Two Bayesian treatments of the n-tuple recognition method

Two probabilistic interpretations of the n-tuple recognition method are put forward in order to allow this technique to be analysed with the same Bayesian methods used in connection with other neural network models. Elementary demonstrations are then given of the use of maximum likelihood and maximum entropy methods for tuning the model parameters and assisting their interpretation. One of the models can be used to illustrate the significance of overlapping n-tuple samples with respect to correlations in the patterns.

A Bayesian formulation of search, control and the exploration/exploitation trade-off

A new approach to optimisation is introduced based on a precise probabilistic statement of what is ideally required of an optimisation method. It is convenient to express the formalism in terms of the control of a stationary environment. This leads to an objective function for the controller which unifies the objectives of exploration and exploitation, thereby providing a quantitative principle for managing this trade-off. This is demonstrated using a variant of the multi-armed bandit problem. This approach opens new possibilities for optimisation algorithms, particularly by using neural network or other adaptive methods for the adaptive controller. It also opens possibilities for deepening understanding of existing methods. The realisation of these possibilities requires research into practical approximations of the exact formalism.

Bayesian invariant measurements of generalisation

The problem of evaluating different learning rules and other statistical estimators is analysed. A new general theory of statistical inference is developed by combining Bayesian decision theory with information geometry. It is coherent and invariant. For each sample a unique ideal estimate exists and is given by an average over the posterior. An optimal estimate within a model is given by a projection of the ideal estimate. The ideal estimate is a sufficient statistic of the posterior, so practical learning rules are functions of the ideal estimator. If the sole purpose of learning is to extract information from the data, the learning rule must also approximate the ideal estimator. This framework is applicable to both Bayesian and non-Bayesian methods, with arbitrary statistical models, and to supervised, unsupervised and reinforcement learning schemes.

An upper bound on the Bayesian error bars for generalized linear regression

In the Bayesian framework, predictions for a regression problem are expressed in terms of a distribution of output values.
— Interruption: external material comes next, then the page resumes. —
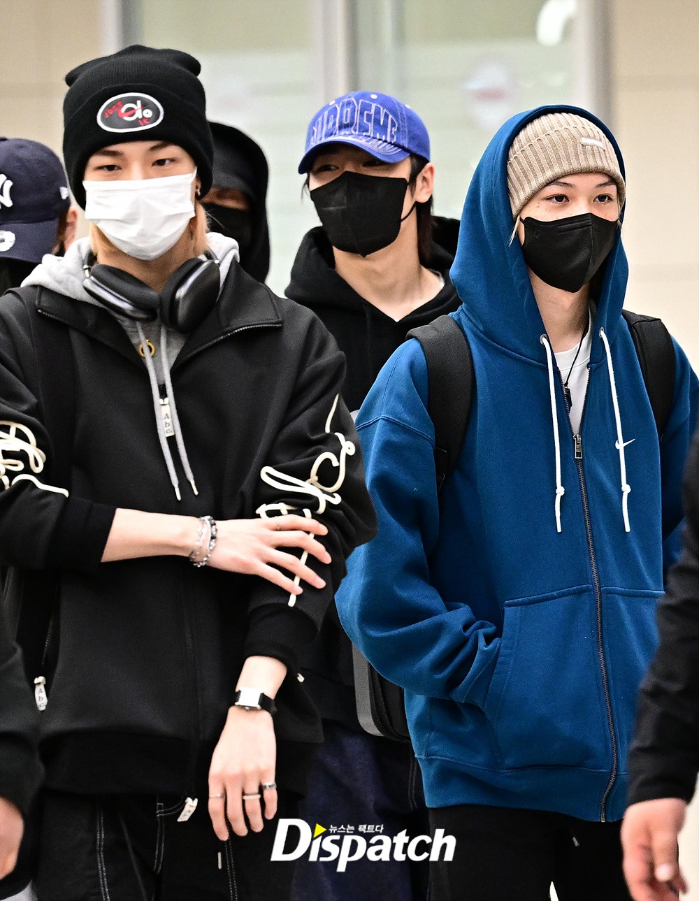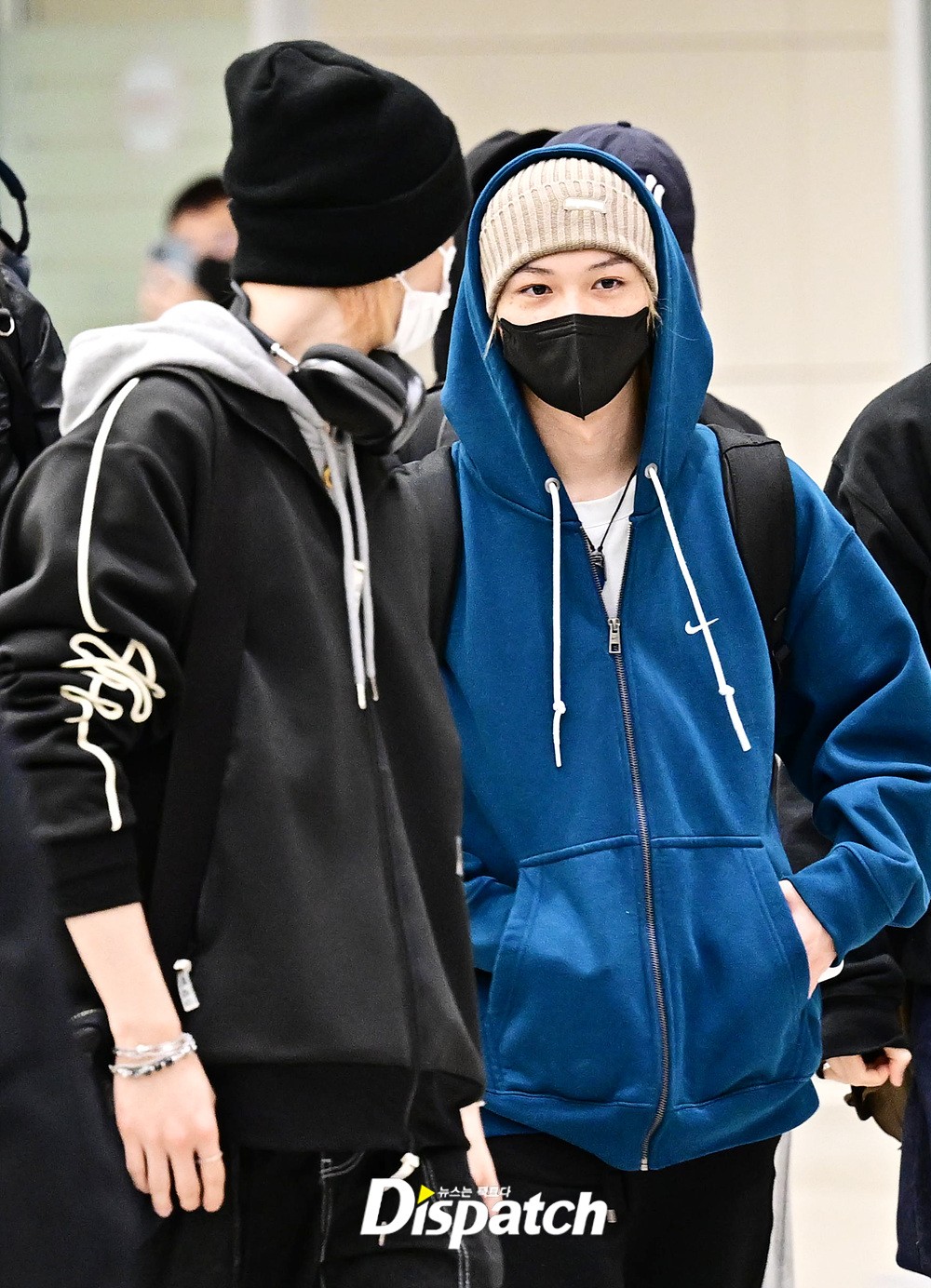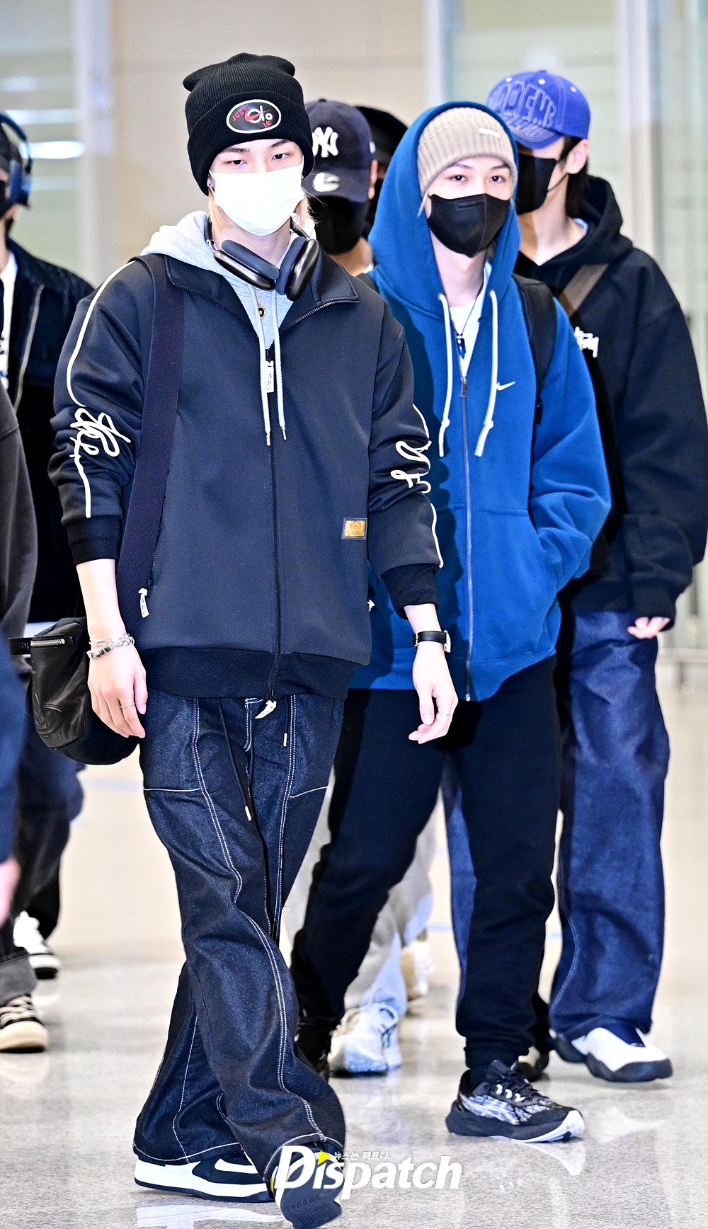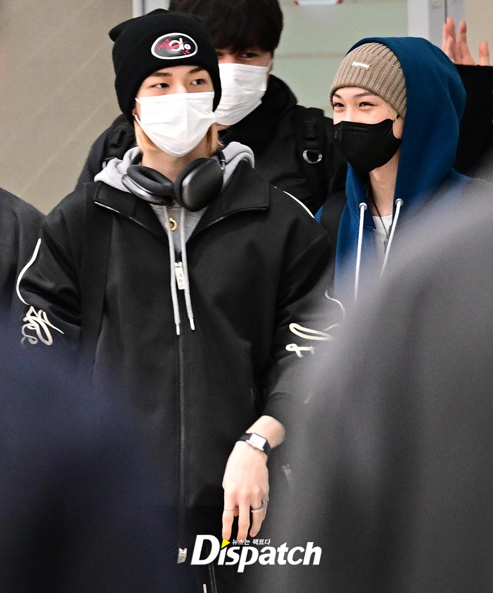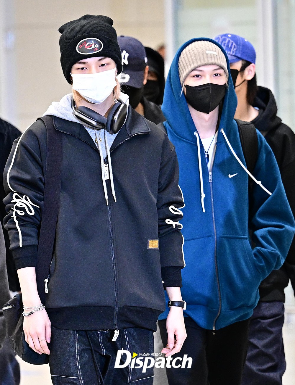 현진과 필릭스는 후드집업과 비니를 매치한 채 입국장을 나섰다. 마스크에도 훈훈한 비주얼이 돋보였다.

The mode of this distribution corresponds to the most probable output, while the uncertainty associated with the predictions can conveniently be expressed in terms of error bars. In this paper we consider the evaluation of error bars in the context of the class of generalized linear regression models. We provide insights into the dependence of the error bars on the location of the data points and we derive an upper bound on the true error bars in terms of the contributions from individual data points which are themselves easily evaluated.

Regression with Gaussian processes

The Bayesian analysis of neural networks is difficult because the prior over functions has a complex form, leading to implementations that either make approximations or use Monte Carlo integration techniques. In this paper I investigate the use of Gaussian process priors over functions, which permit the predictive Bayesian analysis to be carried out exactly using matrix operations. The method has been tested on two challenging problems and has produced excellent results.

On the relationship between Bayesian error bars and the input data density

We investigate the dependence of Bayesian error bars on the distribution of data in input space. For generalized linear regression models we derive an upper bound on the error bars which shows that, in the neighbourhood of the data points, the error bars are substantially reduced from their prior values. For regions of high data density we also show that the contribution to the output variance due to the uncertainty in the weights can exhibit an approximate inverse proportionality to the probability density. Empirical results support these conclusions.